Task to carry out
Leave out all pictures. Return exactly the lines from the top of the material through the line containing "RG-S2900G-E V3".

Supplied material
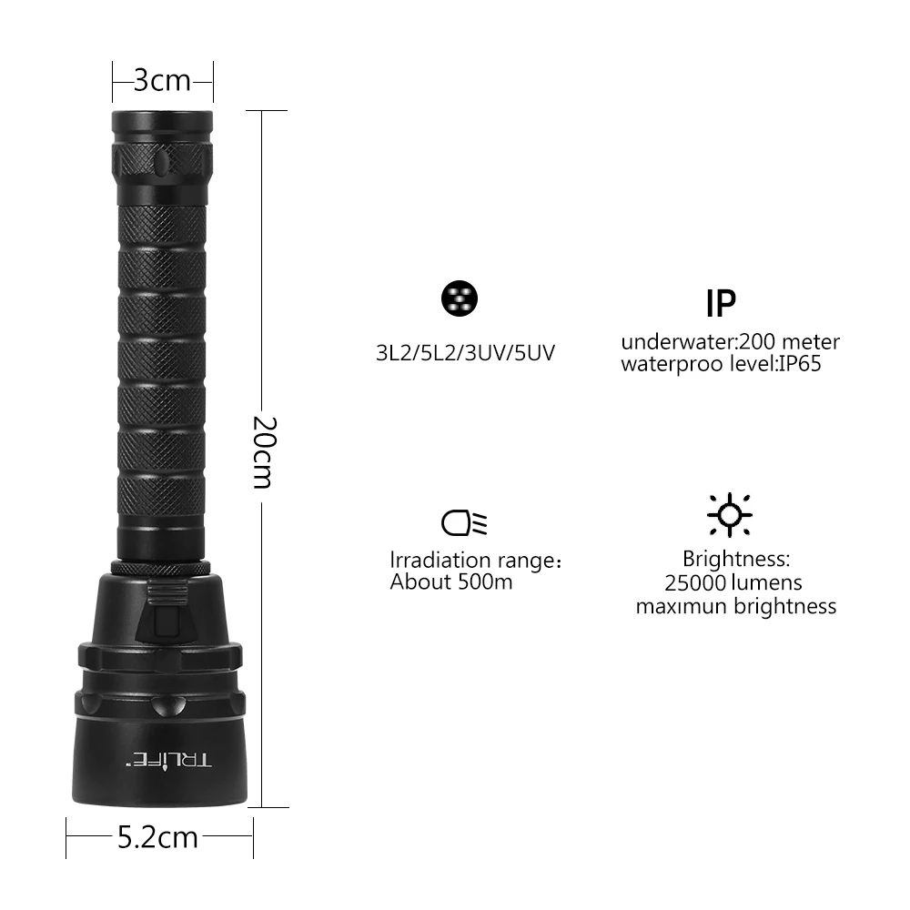 Special Offer Diving for LED Flashlight Torch 5*T6 L2 Dive Torch 200M Underwater Waterproof Tactical Professional Dive Lantern Lamp Discount 39% Today!
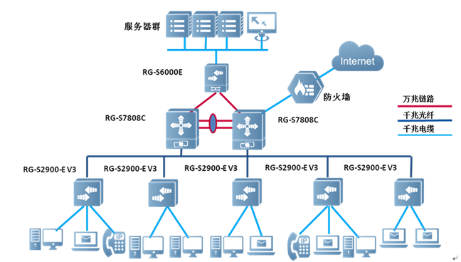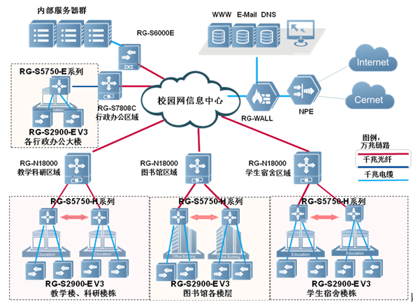 RG-S2900G-E V3系列交换机和楼栋汇聚交换机RG-S5750-H系列,核心区域RG-N18000系列相配合组网,实现千兆到桌面,千兆接入到核心的高性能带宽链路,满足接入用户信息量日益增长的需要。
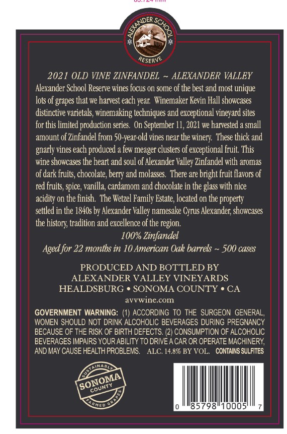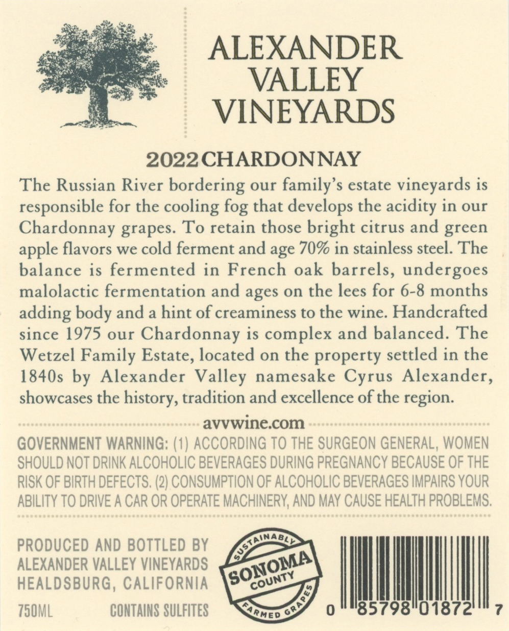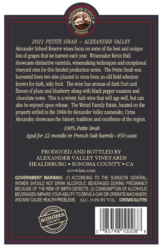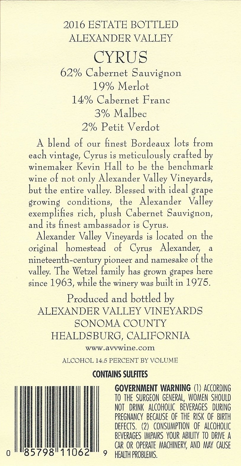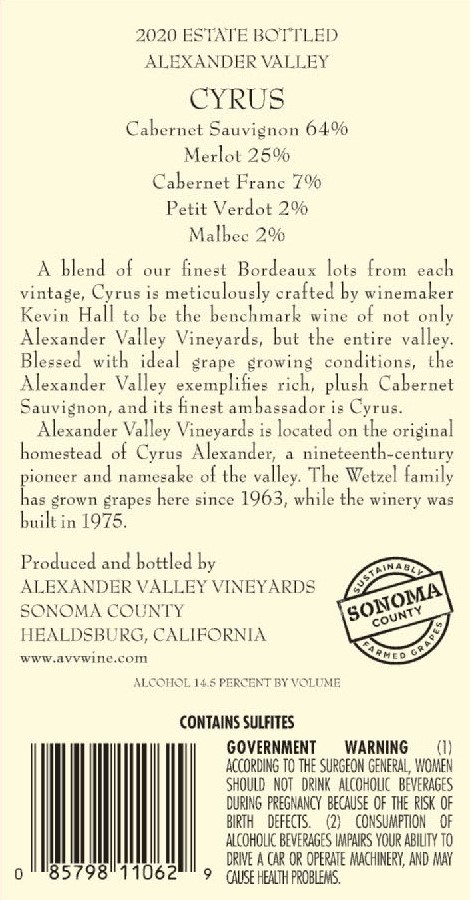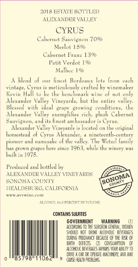 Product Information WhiteChardonnay 2023 750ml Fact Sheet Bottle Shots: 750ml Front Bottle Shot 750ml Back Bottle Shot Labels: 750ml Front Label 750ml Back Label Tasting Panel - 92 points 2022 750ml Fact Sheet Bottle Shots: 750ml Front Bottle Shot 750ml Back Bottle Shot Labels: 750ml Front Label 750ml Back Label Shelf Talkers: California State Fair - 95 points Decanter World Wine Awards - 92 points Wine Enthusiast - 91 points Press Democrat North Coast Wine Challenge - 91 points Casecard: Wine Enthusiast 91 Points 2021 750ml Fact Sheet Bottle Shots: 750ml Front Bottle Shot 750ml Back Bottle Shot Labels: 750ml Front Label 750ml Back Label Shelf Talkers: California State Fair - 99 points & Double Gold Medal Sunset International Competition - 97 points & Best of Class Beverage Testing Institute - 96 points Tasting Panel Magazine - 94 points Sonoma County Harvest Fair - Double Gold Medal 2020 750ml Fact Sheet Bottle Shots: 750ml Front Bottle Shot 750ml Back Bottle Shot Labels: 750ml Front Label 750ml Back Label Shelf Talkers: Beverage Dynamics 96 points Sunset Intl Wine Competition 95 points California State Fair 91 points Hilton Head - Gold Medal Gewürz - organically grown 2024 750ml Fact Sheet Bottle Shots: 750ml Front Bottle Shot 750ml Back Bottle Shot Labels: 750ml Front Label 750ml Back Label 2023 750ml Fact Sheet Bottle Shots: 750ml Front Bottle Shot 750ml Back Bottle Shot Labels: 750ml Front Label 750ml Back Label Shelf Talkers: California State Fair - 99 points Sunset International Wine Competition - 92 points & Gold Medal Beverage Testing Institute - 90 points & Gold Medal AVV 2023 Gewurz tasting and pairing 2022 750ml Fact Sheet Bottle Shots: 750ml Front Bottle Shot 750ml Back Bottle Shot Labels: 750ml Front Label 750ml Back Label CCOF Certification 2021 750ml Fact Sheet Bottle Shots: 750ml Front Bottle Shot 750ml Back Bottle Shot 750ml Front Label Shelftalker: Sunset Intl Wine Competition - 92 points Sauvignon Blanc 2024 750ml Fact Sheet Bottle Shots: 750ml Front Bottle Shot 750ml Back Bottle Shot Labels: 750ml Front Label 750ml Back Label 2023 750ml Fact Sheet Bottle Shots: 750ml Front Bottle Shot 750ml Back Bottle Shot Labels: 750ml Front Label 750ml Back Label Shelf Talkers: The Tasting Panel - 92 points 2022 750ml Fact Sheet Bottle Shots: 750ml Front Bottle Shot 750ml Back Bottle Shot Labels: 750ml Front Label 750ml Back Label Shelf Talkers: California State Fair - 95 points & Gold Medal Tasting Panel Magazine - 92 points SASSR - Gold Medal 2021 750ml Fact Sheet Bottle Shots: 750ml Front Bottle Shot 750ml Back Bottle Shot Labels: 750ml Front Label 750ml Back Label Shelf Talkers: CA State Fair - 99 points RoséDry Rosé of Sangiovese 2024 Fact Sheets: 750ml Fact Sheet Keg Fact Sheet Bottle Shots: 750ml Front Bottle Shot 750ml Back Bottle Shot Labels: 750ml Front Label 750ml Back Label Keg Collar Tap Handle 2023 750ml Fact Sheet Bottle Shots: 750ml Front Bottle Shot 750ml Back Bottle Shot Labels: 750ml Front Label 750ml Back Label Shelf Talkers: James Suckling - 90 points 2022 750ml Fact Sheet Bottle Shots: 750ml Front Bottle Shot 750ml Back Bottle Shot Labels: 750ml Front Label 750ml Back Label Shelf Talkers: California State Fair - 99 points Wine Enthusiast “Hidden Gem” - 90 points Beverage Dynamics - 95 points Beverage Testing Institute - 93 points Sunset International Wine Competition - 92 points Sonoma County Harvest Fair - Double Gold Medal SASSR - Top of Class TexSom - Judges' Selection, Best of Show Varietal 2021 750ml Fact Sheet Bottle Shots: 750ml Front Bottle Shot 750ml Back Bottle Shot Labels: 750ml Front Label 750ml Back Label Shelf Talkers: CA State Fair - 99 points Sunset Intl Wine Competition - 92 points 2020 750ml Fact Sheet 750ml Bottle Shot Labels: 750ml Front Label 750ml Back Label Shelf Talkers: Rose' Experience - Best of Class Sunset International Wine Competition - 92 points Sonoma County Harvest Fair - Double Gold Medal RedCYRUS 2021 750ml Fact Sheet Bottle Shots: 750ml Front Bottle Shot 750ml Back Bottle Shot Labels: 750ml Front Label 750ml Back Label 2020 750ml Fact Sheet Bottle Shots: 750ml Front Bottle Shot 750ml Back Bottle Shot Labels: 750ml Front Label 750ml Back Label Shelf Talkers: The Tasting Panel - 95 points Wine Enthusiast - 92 points 2019 750ml Fact Sheet Bottle Shots: 750ml Front Bottle Shot 750ml Back Bottle Shot Labels: 750ml Front Label 750ml Back Label 2018 750ml Fact Sheet Bottle Shots: 750ml Front Bottle Shot 750ml Back Bottle Shot Labels: 750ml Front Label 750ml Back Label 2017 Fact Sheets: 750ml Fact Sheet 3.0L Fact Sheet Bottle Shots: 750ml Bottle Shot 3.0L Bottle Shot Labels: 750ml Front Label 750ml Back Label Shelf Talkers: The Somm Journal - 98 points Beverage Dynamics 98 points Wine Enthusiast - 95 points James Suckling - 92 points The Somm Journal - 98 points 2016 Fact Sheets: 750ml Fact Sheet 1.5L Fact Sheet 3.0L Fact Sheet Bottle Shots: 750ml Bottle Shot 1.5L Bottle Shot 3.0L Bottle Shot Labels: 750ml Front Label 750ml Back Label Shelf Talkers: LA Invitational Wine Challenge - 96 points 93 Points - BTI SF Chronicle - Double Gold Hilton Head - Double Gold 2015 750ml Fact Sheet Bottle Shots: 750ml Bottle Shot 3.0L Bottle Shot Labels: 750ml Front Label 750ml Back Label Shelf Talkers: London Wine Competition - 94 points Decanter Wine Awards - 93 points BTI - 92 points Wine & Spirits - 91 points North of the Gate - Double Gold Medal SASSR - Double Gold Medal TexSom Intl Wine Awards - Gold Medal HLSR - Gold Medal Hilton Head - Best of Show 2015-2017 AVV Cyrus Three Vintage Vertical Fact Sheet 2014 750ml Fact Sheet 750ml Bottle Shot Labels: 750ml Front Label 750ml Back Label Shelf Talkers: Grand Champion & Best of Show - Rodeo Uncorked! Houston Livestock Show & Rodeo Decanter World Wine Awards - 97 Points Beverage Dynamics - 92 points Wine Advocate - 91 points SARSS - Double Gold Case Card: Grand Champion and Best of Show – Rodeo Uncorked! Houston Livestock Show & Rodeo 2013 750ml Fact Sheet 750ml Bottle Shot 750ml Front Lab

Result of the task
 Special Offer Diving for LED Flashlight Torch 5*T6 L2 Dive Torch 200M Underwater Waterproof Tactical Professional Dive Lantern Lamp Discount 39% Today!
 RG-S2900G-E V3系列交换机和楼栋汇聚交换机RG-S5750-H系列,核心区域RG-N18000系列相配合组网,实现千兆到桌面,千兆接入到核心的高性能带宽链路,满足接入用户信息量日益增长的需要。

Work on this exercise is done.